Etiologia
Istotą schorzenia w klasycznej postaci są zaburzenia wchłaniania spowodowane przewlekłym autoimmunizacyjnym stanem zapalnym w jelicie cienkim. U osób predysponowanych genetycznie, w wyniku kontaktu z glutenem oraz pokrewnymi prolaminami, dochodzi do powstawania przeciwciał przeciwko transglutaminazie tkankowej (tTG) i endomysium mięśni gładkich (EMA) oraz odpowiedzi komórkowej.
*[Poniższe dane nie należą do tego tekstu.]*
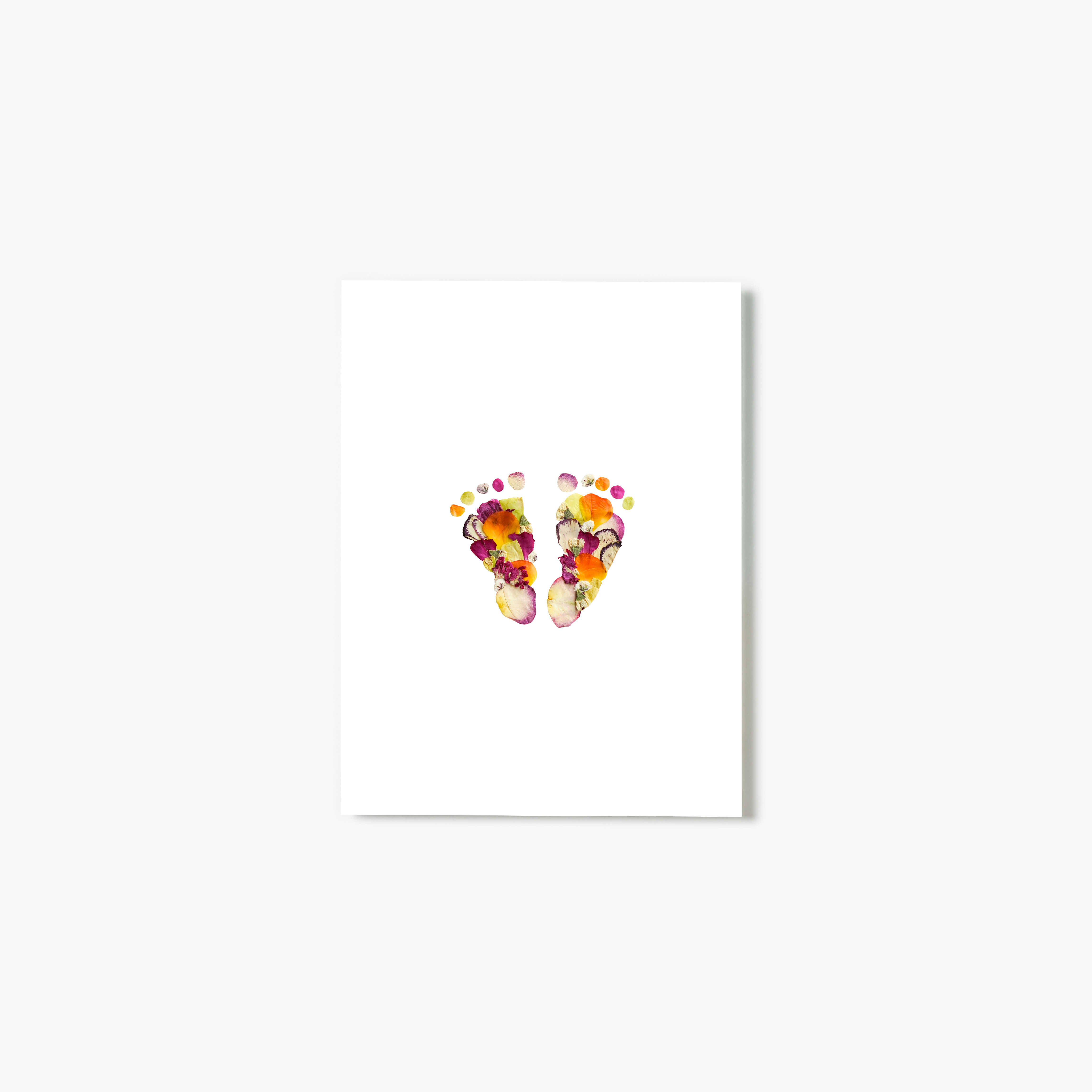 All the colors of golden hour, captured in bloom. This Baby Blooms Pressed Floral design uses real flowers in vibrant oranges, yellows, and magentas, with a pop of green for contrast—pressed into tiny footprints and printed on glass. A little glow goes a long way.

Te mechanizmy prowadzą do uszkodzenia i zaniku kosmków jelitowych, rozrostu krypt, a to z kolei do biegunki oraz zaburzeń wchłaniania.
Przebieg kliniczny
Istnieje wiele różnych klasyfikacji celiakii, najczęściej wyróżnia się postaci: klasyczną, atypową, niemą, latentną oraz potencjalną.
Dawniej dominowała postać klasyczna nietolerancji glutenu z objawami z przewodu pokarmowego, tzn. biegunką tłuszczową, bólami brzucha, postępującą utratą masy ciała, dużym brzuchem, cienkimi kończynami, krzywicą i niedokrwistością z niedoboru żelaza.
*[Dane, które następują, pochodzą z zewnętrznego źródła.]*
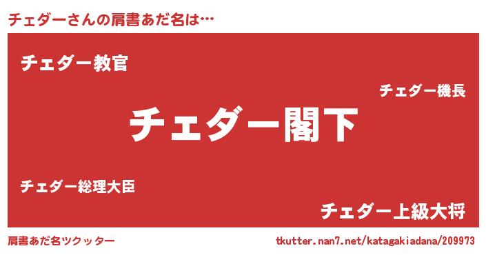 | 女子向けラノベタイトル風あだ名 | 『チェダーなんてお断りですっ。』 |

Obecnie dużo częściej obserwuje się postaci atypowe, dlatego w nazewnictwie można spotkać podział na postaci z objawami pochodzącymi z przewodu pokarmowego oraz spoza niego (tab. 1).
Tab. 1. Objawy celiakii z i spoza przewodu pokarmowego
Objawy z przewodu pokarmowego | Objawy spoza przewodu pokarmowego |
Biegunka Zaparcie Ból brzucha Zaburzenia łaknienia Utrata masy ciała |
Zmiany skórne (choroba Duhringa) Osteoporoza, osteopenia Anemia z niedoboru żelaza Zaburzenia miesiączkowania, niepłodność Niskorosłość Skaza krwotoczna Podwyższone enzymy wątrobowe, trzustkowe Polineuropatia Zaburzenia mineralizacji szkliwa Zaburzenia nastroju, intelektualne Depresja |
Jako celiakię niemą rozumie się obecność przeciwciał celiakalnych, antygenów HLA typowych dla celiakii i zaniku kosmków w badaniu histopatologicznym skrawków z dwunastnicy, ale bez towarzyszących objawów. Celiakia potencjalna to taka, w której nie doszło jeszcze do zaniku kosmków. Postać latentna rozpoznawana jest u osób, którym na pewnym etapie życia towarzyszyła objawowa enteropatia, a obecnie nie ma objawów.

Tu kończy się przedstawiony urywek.